> **YOUR GOAL**
Take the lines below from the one with "Im Bereich des" through the one with "V ponedeljek so" and print only them, exactly. Don't print the pictures.

> **DATASET CONTENT**
☆ ☆ ☆ ☆ ☆ ☆ ☆

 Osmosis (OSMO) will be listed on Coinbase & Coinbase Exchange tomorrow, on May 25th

☆ ☆ ☆ ☆ ☆ ☆ ☆

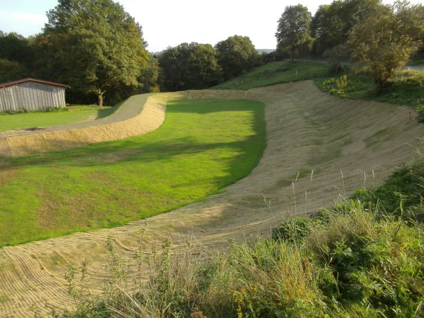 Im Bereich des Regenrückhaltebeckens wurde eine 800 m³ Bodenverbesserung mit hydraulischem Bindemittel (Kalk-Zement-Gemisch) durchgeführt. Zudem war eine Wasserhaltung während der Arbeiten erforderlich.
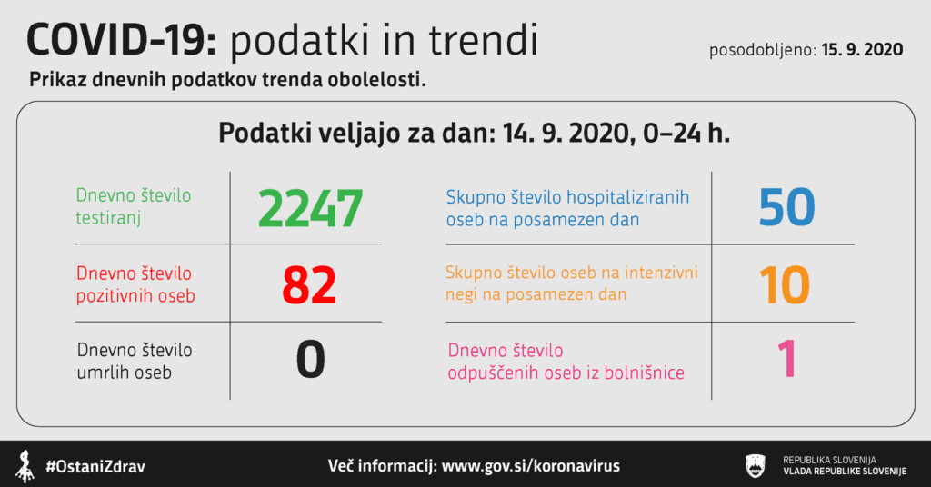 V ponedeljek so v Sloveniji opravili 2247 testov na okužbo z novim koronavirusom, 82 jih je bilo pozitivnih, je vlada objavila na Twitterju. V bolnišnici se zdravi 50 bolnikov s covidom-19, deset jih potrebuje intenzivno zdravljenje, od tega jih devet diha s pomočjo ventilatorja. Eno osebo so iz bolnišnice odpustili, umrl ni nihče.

☆ ☆ ☆ ☆ ☆ ☆ ☆

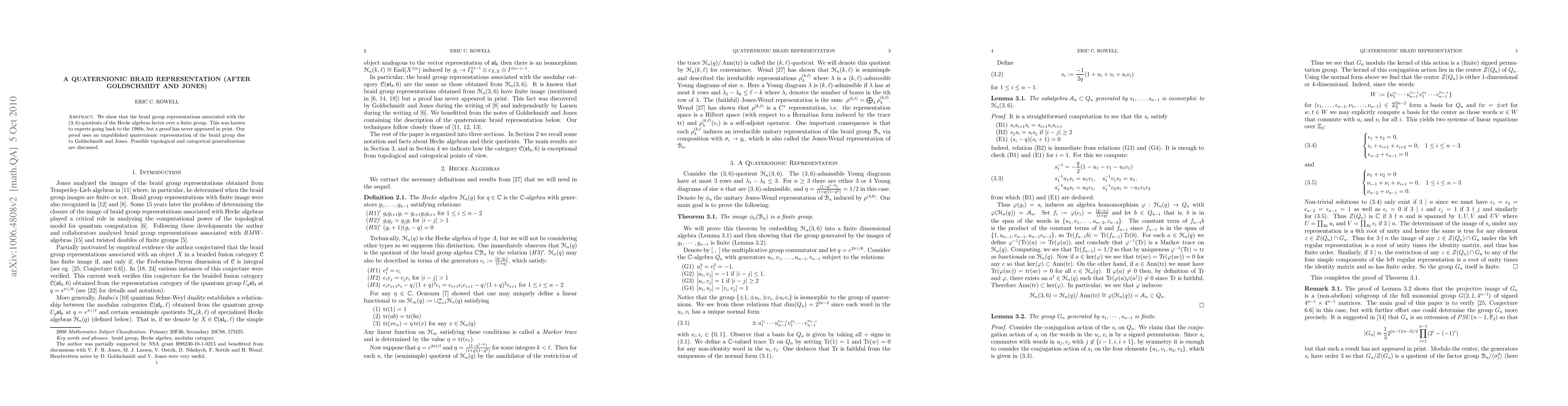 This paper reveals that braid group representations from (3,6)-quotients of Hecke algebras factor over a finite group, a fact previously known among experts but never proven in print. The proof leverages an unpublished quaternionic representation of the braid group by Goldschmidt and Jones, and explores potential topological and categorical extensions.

☆ ☆ ☆ ☆ ☆ ☆ ☆

> **EXERCISE RESULT**
 Im Bereich des Regenrückhaltebeckens wurde eine 800 m³ Bodenverbesserung mit hydraulischem Bindemittel (Kalk-Zement-Gemisch) durchgeführt. Zudem war eine Wasserhaltung während der Arbeiten erforderlich.
 V ponedeljek so v Sloveniji opravili 2247 testov na okužbo z novim koronavirusom, 82 jih je bilo pozitivnih, je vlada objavila na Twitterju. V bolnišnici se zdravi 50 bolnikov s covidom-19, deset jih potrebuje intenzivno zdravljenje, od tega jih devet diha s pomočjo ventilatorja. Eno osebo so iz bolnišnice odpustili, umrl ni nihče.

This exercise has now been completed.